Łukasz Gąsior

Personal information
- Full name: Łukasz Waldemar Gąsior
- National team: Poland
- Born: 14 January 1986 (age 40) Łowicz, Poland
- Height: 1.87 m (6 ft 2 in)
- Weight: 80 kg (176 lb)

Sport
- Sport: Swimming
- Strokes: Freestyle
- Club: AZS Warszawa

Medal record
Men's swimming
Representing Poland
European Junior Championships
| Gold medal – first place | 2004 Lisbon | 50 m freestyle |
| Gold medal – first place | 2004 Lisbon | 100 m freestyle |
| Bronze medal – third place | 2004 Lisbon | 200 m freestyle |

= Łukasz Gąsior =

Polish swimmer (born 1986)

Łukasz Waldemar Gąsior (born January 14, 1986) is a Polish swimmer, who specialized in middle-distance freestyle events.

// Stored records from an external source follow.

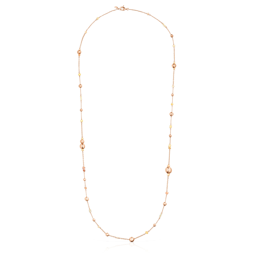 Sportlich-verspielte Collierkette  aus 18-karätigem Roségold in vielseitiger 80 Zentimeter Länge. Damit ist sie sowohl einreihig lang oder zweireihig kurz tragbar. Zarte Kugeln aus Roségold werden umspielt von Topasen im Bead-Schliff. Lässiger Luxus von Cervera!
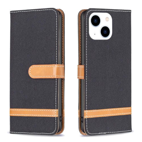 Pour iPhone 15 Color Block Denim Texture Étui de téléphone en cuir (Noir)
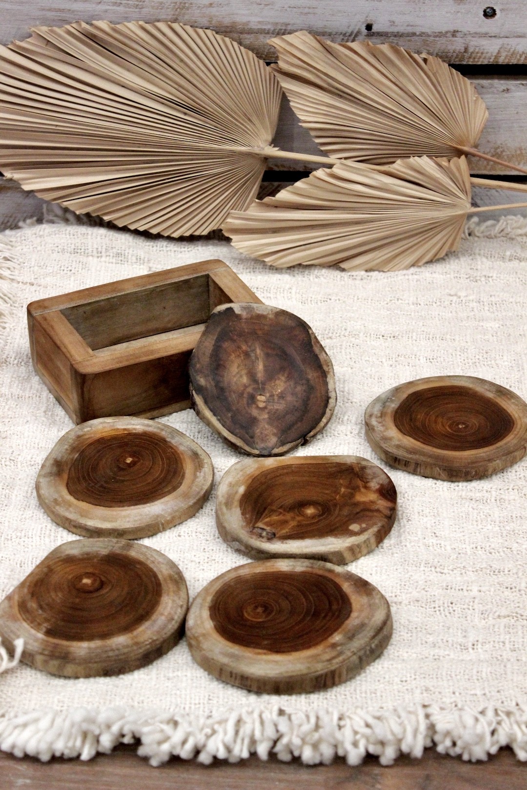 Laissez-vous séduire par l’élégance intemporelle de notre boîte avec 6 dessous de verre en teck, une création artisanale d’exception qui ajoute une touche d’authenticité à votre espace de vie. Fabriquée avec soin à Bali, cette boîte incarne le talent et le dévouement des artisans locaux pour créer des pièces uniques et fonctionnelles.

He represented his nation Poland at the 2008 Summer Olympics, and won a career total of three medals (two golds and one bronze) in a major international competition, spanning the 2004 European Junior Swimming Championships in Lisbon, Portugal.

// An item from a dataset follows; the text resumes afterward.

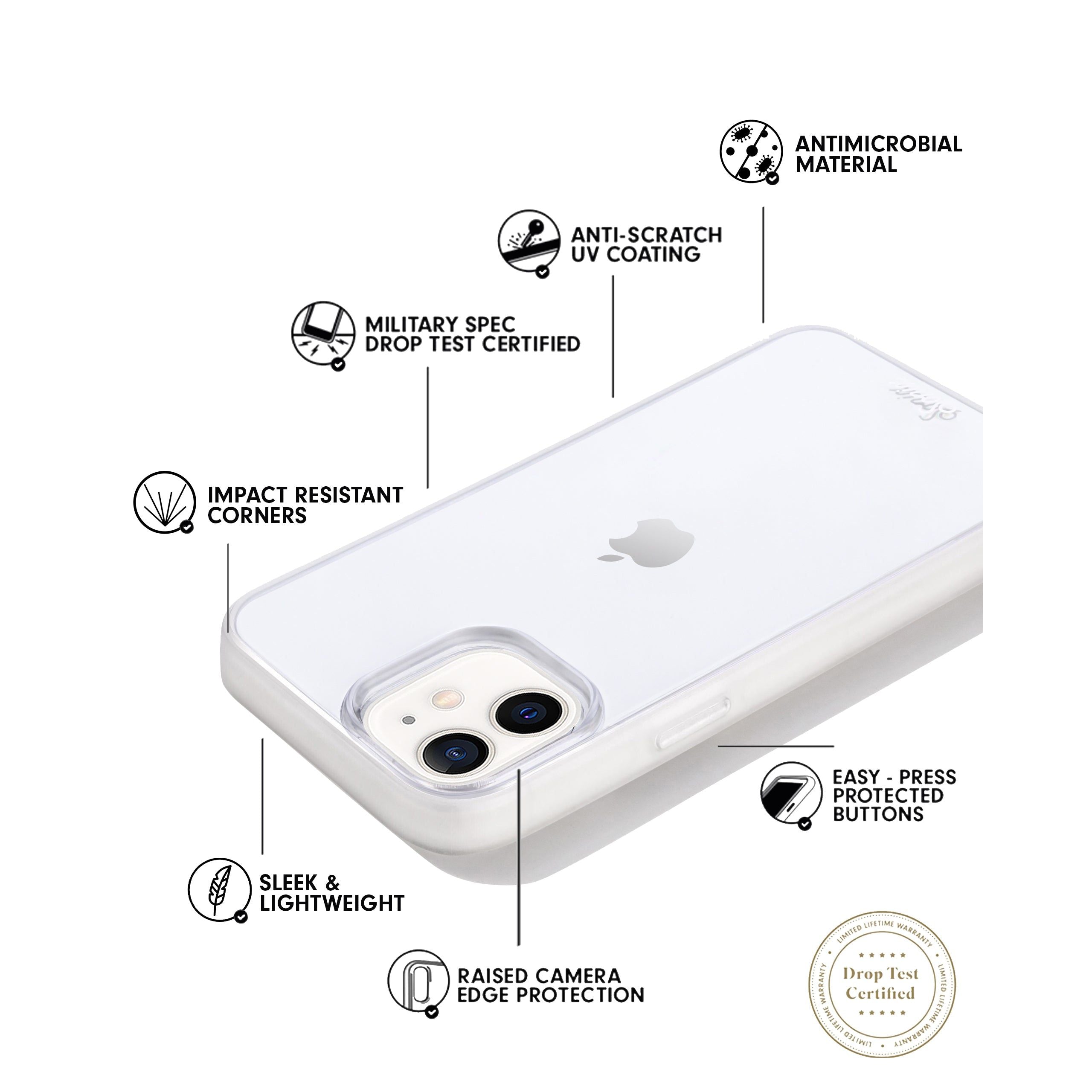 مصنوع للحماية من كل لحظات "أوه ، لا!" لحظات (حتى ارتفاع 10 أقدام من تلك اللحظات). صُممت لتدوم - تتميز حافظات Sonix iPhone بطبقة واقية مقاومة للخدش ، مع جوانب ماصة للصدمات مرتفعة لحماية 360 درجة على الشاشة والكاميرا. سهولة الوصول إلى جميع المنافذ بأزرار ضغط سهلة وعملية. تأتي غلافات هواتف Sonix بضمان محدود مدى الحياة من Sonix.

Gasior competed for the Polish squad in two swimming events at the 2008 Summer Olympics in Beijing. He raced to a sixth-seeded time in 1:48.52 coming to the top-eight final to dip beneath the FINA B-standard (1:48.72) by two tenths of a second (0.2) at the European Championships five months earlier in Eindhoven, Netherlands. In the 200 m freestyle, Gasior rounded out the field to eighth in the last of eight heats with a frustrating 1:49.25, trailing eventual Olympic champion Michael Phelps of the United States and runner-up Park Tae-hwan of South by nearly four seconds, and missing the semifinals with a thirty-fourth place finish from the prelims. Gasior also teamed up with Łukasz Wójt, Michał Rokicki, and Przemysław Stańczyk in the 4 × 200 m freestyle relay. Swimming the lead-off leg, Gasior recorded a split of 1:48.40, and the Polish team went on to finish heat two in seventh place and fourteenth overall with a final time of 7:18.09.